Number of secondary workers: 15
standardCapacityBase: 5
standardCapacityPercentAboveBase 30%

Result:

Non-preemptible: 8 = 5 (standardCapacityBase) + 3 (30% of remaining 10)
Spot: 7 (70% of remaining 10)
Total = 15

Create a cluster with a mix of spot and non-preemptible secondary workers

You can use the gcloud CLI or the Dataproc API to mix spot with non-preemptible secondary workers when you create a cluster.

gcloud

Run the following command locally or in Cloud Shell to create a cluster with a mix of spot and non-preemptible secondary workers.

gcloud dataproc clusters create CLUSTER_NAME \
    --project=PROJECT_ID \
    --region=REGION \
    --secondary-worker-type=spot \
    --num-secondary-workers=NUMBER_SECONDARY_WORKERS \
    --secondary-worker-standard-capacity-base=STANDARD_CAPACITY_BASE \
    --secondary-worker-standard-capacity-percent-above-base=STANDARD_CAPACITY_PERCENT_ABOVE_BASE \
    OTHER_FLAGS_AS_NEEDED

Notes:

CLUSTER_NAME: The name of the new cluster.
PROJECT_ID: Your Google Cloud project ID. Project IDs are listed in the Project info section on the Google Cloud console Dashboard.
REGION: An available Compute Engine region to run the workload.
--secondary-worker-type: When mixing spot and non-preemptible secondary workers, specify the secondary worker type as spot.
STANDARD_CAPACITY_BASE and STANDARD_CAPACITY_PERCENT_ABOVE_BASE: See Secondary worker settings to mix spot with non-preemptible secondary workers.
OTHER_FLAGS_AS_NEEDED: See gcloud dataproc clusters create.

API

To mix spot with non-preemptible secondary workers, set the Dataproc preemptibility, standardCapacityBase, and standardCapacityPercentAboveBase API fields as part of a cluster.create request, as shown in the following JSON sample:

{
  "clusterName": "CLUSTER_NAME",
  "config": {
    "secondaryWorkerConfig": {
      "numInstances": 15,
      "preemptibility": "spot",
      "instanceFlexibilityPolicy": {
        "provisioningModelMix": {
          "standardCapacityBase": STANDARD_CAPACITY_BASE
          "standardCapacityPercentAboveBase": STANDARD_CAPACITY_PERCENT_ABOVE_BASE
        }
      }
    }
  }
}

Notes:

CLUSTER_NAME: The name of the new cluster.
preemptibility: When mixing spot and non-preemptible secondary workers, specify spot.
STANDARD_CAPACITY_BASE and STANDARD_CAPACITY_PERCENT_ABOVE_BASE: See Secondary worker settings to mix spot with non-preemptible secondary workers.

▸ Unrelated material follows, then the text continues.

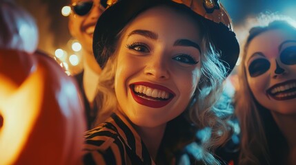 A close-up of a group of friends dressed in vintage Halloween costumes, celebrating the holiday with a retro flair

Combine secondary worker mixing with flexible VMs

You can mix spot and non-preemptible secondary workers and specify flexible VM shapes for secondary workers when you create a cluster.

gcloud CLI example:

gcloud dataproc clusters create cluster-name \
    --project=project-id \
    --region=us-central1 \
    --secondary-worker-type=spot \
    --num-secondary-workers=15 \
    --secondary-worker-standard-capacity-base=5 \
    --secondary-worker-standard-capacity-percent-above-base=30 \
    --secondary-worker-machine-types="type=n2-standard-8,rank=0" \
    --secondary-worker-machine-types="type=e2-standard-8,type=t2d-standard-8,rank=1"
    ...other flags as needed

Secondary worker mixing characteristics

This section describes some of the behavior and characteristics associated with mixing spot and non-preemptible secondary workers.

Secondary worker preference

Dataproc doesn't give preference to either spot or non-preemptible VMs when scheduling applications on secondary workers.

Secondary worker scaling

When secondary workers are scaled through autoscaling or manual scaling, Dataproc maintains the requested spot-to-non-preemptible ratio when it adds secondary workers.

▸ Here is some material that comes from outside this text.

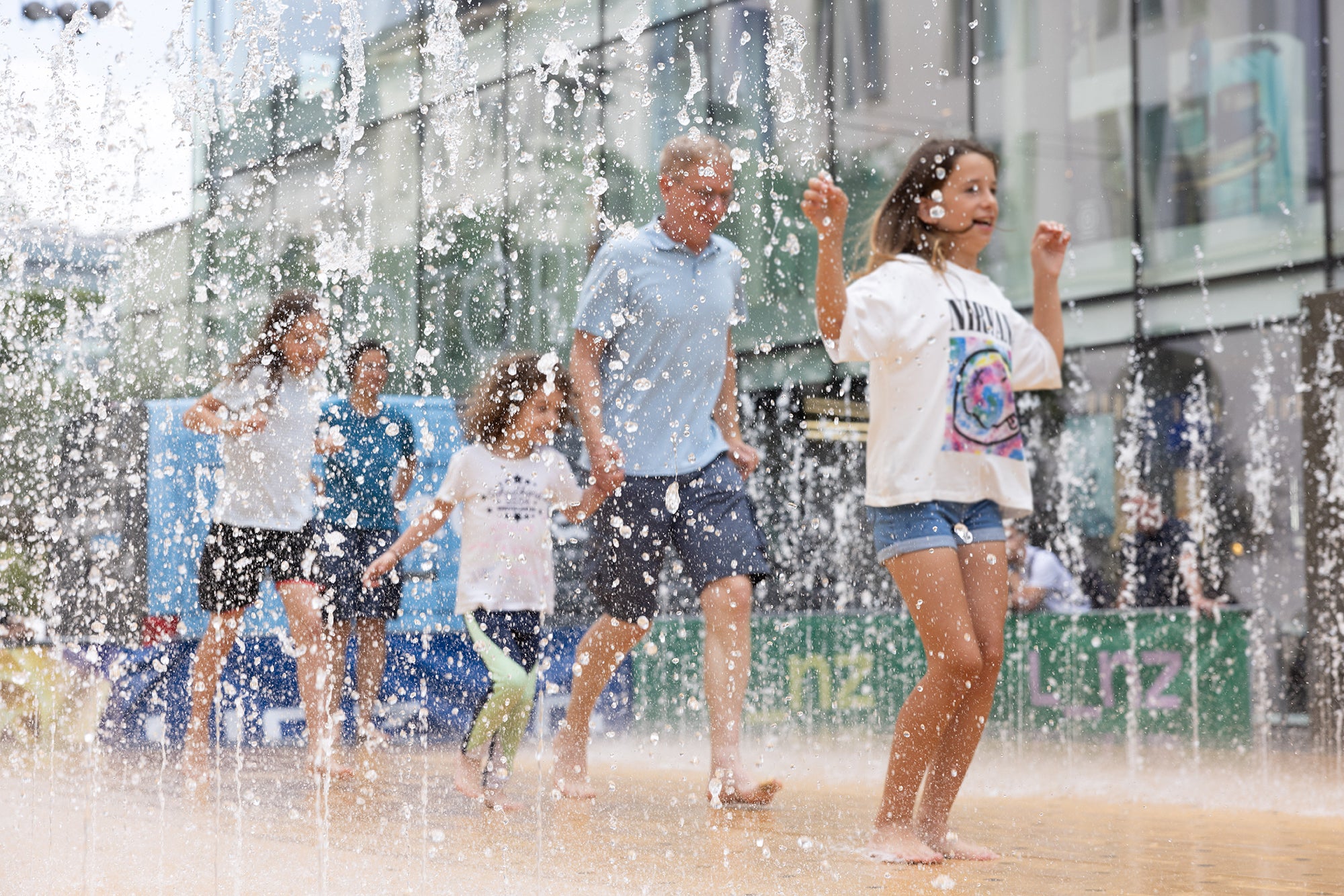 Tagsüber laden 19 Wasserspiele zum Mitmachen ein, abends faszinieren sieben Shows mit Licht und Musik. Der rutschfeste Boden, mobile Sitzgelegenheiten (Dwellos) und Begrünungen machen den Platz zum beliebten Treffpunkt für alle Generationen. Dank Wasseraufbereitung und Energiespeichersystem ist die Attraktion zudem nachhaltig. Das Gemeinschaftsprojekt von Stadt Linz, Linz AG und Tourismusverband stärkt Handel, Tourismus und das soziale Miteinander in der Innenstadt.

Updating secondary worker mix settings

You specify the mix of spot and non-preemptible secondary workers when you create a Dataproc cluster. You can't change the secondary worker mix settings after you create the cluster.

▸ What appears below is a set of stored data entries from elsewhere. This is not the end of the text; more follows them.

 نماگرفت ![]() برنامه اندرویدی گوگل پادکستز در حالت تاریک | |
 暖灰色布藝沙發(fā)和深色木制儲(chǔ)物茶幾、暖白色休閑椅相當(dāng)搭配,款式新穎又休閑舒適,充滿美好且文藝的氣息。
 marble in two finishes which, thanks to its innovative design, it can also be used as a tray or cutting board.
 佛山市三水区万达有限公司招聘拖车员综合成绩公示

Spot secondary worker preemption

Dataproc doesn't control the timing of spot VM preemption (see Preemption of Spot VMs).
When spot preemption occurs, the secondary worker group can run with reduced capacity temporarily until Compute Engine reprovisions the preempted VMs.
Dataproc won't add capacity to a secondary worker group in excess of the group's initial settings.